Isotropic reconstruction of 3D fluorescence microscopy images using convolutional neural networks
Martin Weigert, Loic Royer, Florian Jug, Gene Myers

TL;DR
This paper introduces a convolutional neural network approach to convert anisotropic fluorescence microscopy images into isotropic ones, improving downstream analysis and outperforming traditional deconvolution and super-resolution methods.
Contribution
The authors develop an end-to-end CNN that learns to restore isotropic resolution from anisotropic microscopy data, demonstrating superior performance over existing techniques.
Findings
Improved isotropic resolution in synthetic and real datasets.
Enhanced accuracy in 3D segmentation tasks.

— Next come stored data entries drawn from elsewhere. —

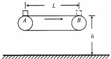 (9分)如图所示为车站使用的水平传送带装置的示意图,绷紧的传送带始终保持3.0m/s的恒定速率运行,传送带的水平部分AB距水平地面的高度为h=0.45m。现有一行李包(可视为质点)由A端被传送到B端,且传送到B端时没有被及时取下,行李包从B端水平抛出,不计空气阻力,g取10m/s2。
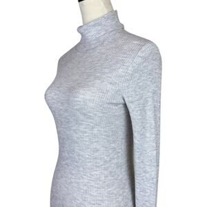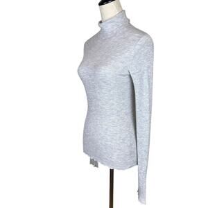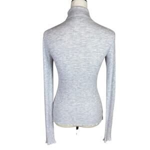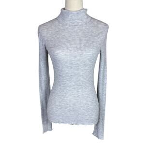Vince Gray Ribbed Lettuce Hem Long Sleeve Cashmere Blend Knit Turtleneck Sweater
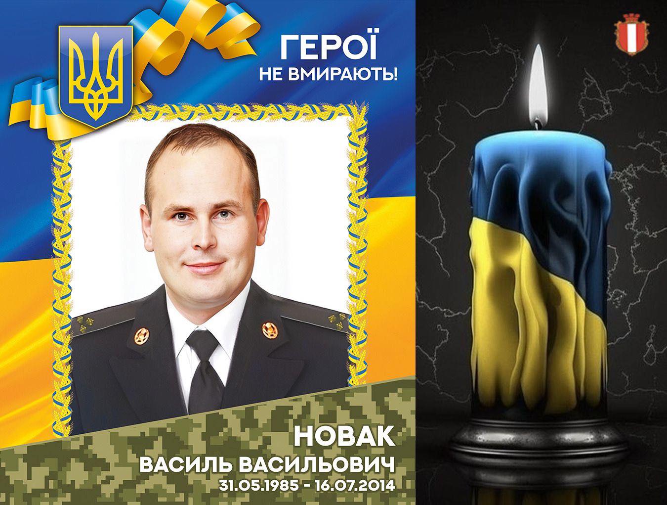 16 липня 2014 року в прикордонному селі Маринівка на Донеччині, потрапивши у ворожу засідку, загинув наш земляк, заступник командира роти з озброєння 28-ї механізованої бригади, старший лейтенант Василь Новак.
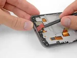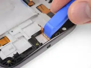 Засуньте острую кромку инструмента для вскрытия между гибким кабелем разъёма наушников и пластиковым каркасом, к которому он приклеен.
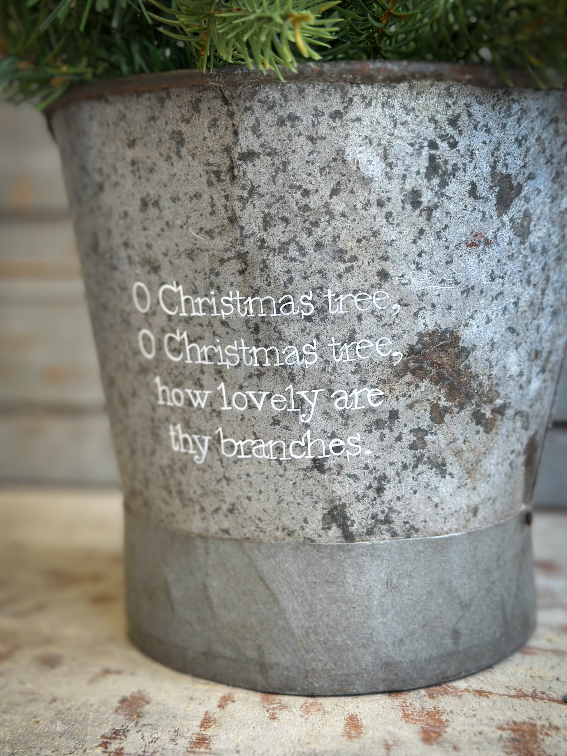 A Recycled Metal Small Christmas Tree Bucket With A Hand Painted Quote

Outperforms traditional deconvolution and super-resolution methods.
Abstract
Fluorescence microscopy images usually show severe anisotropy in axial versus lateral resolution. This hampers downstream processing, i.e. the automatic extraction of quantitative biological data. While deconvolution methods and other techniques to address this problem exist, they are either time consuming to apply or limited in their ability to remove anisotropy. We propose a method to recover isotropic resolution from readily acquired anisotropic data. We achieve this using a convolutional neural network that is trained end-to-end from the same anisotropic body of data we later apply the network to. The network effectively learns to restore the full isotropic resolution by restoring the image under a trained, sample specific image prior. We apply our method to synthetic and real datasets and show that our results improve on results from deconvolution and state-of-the-art…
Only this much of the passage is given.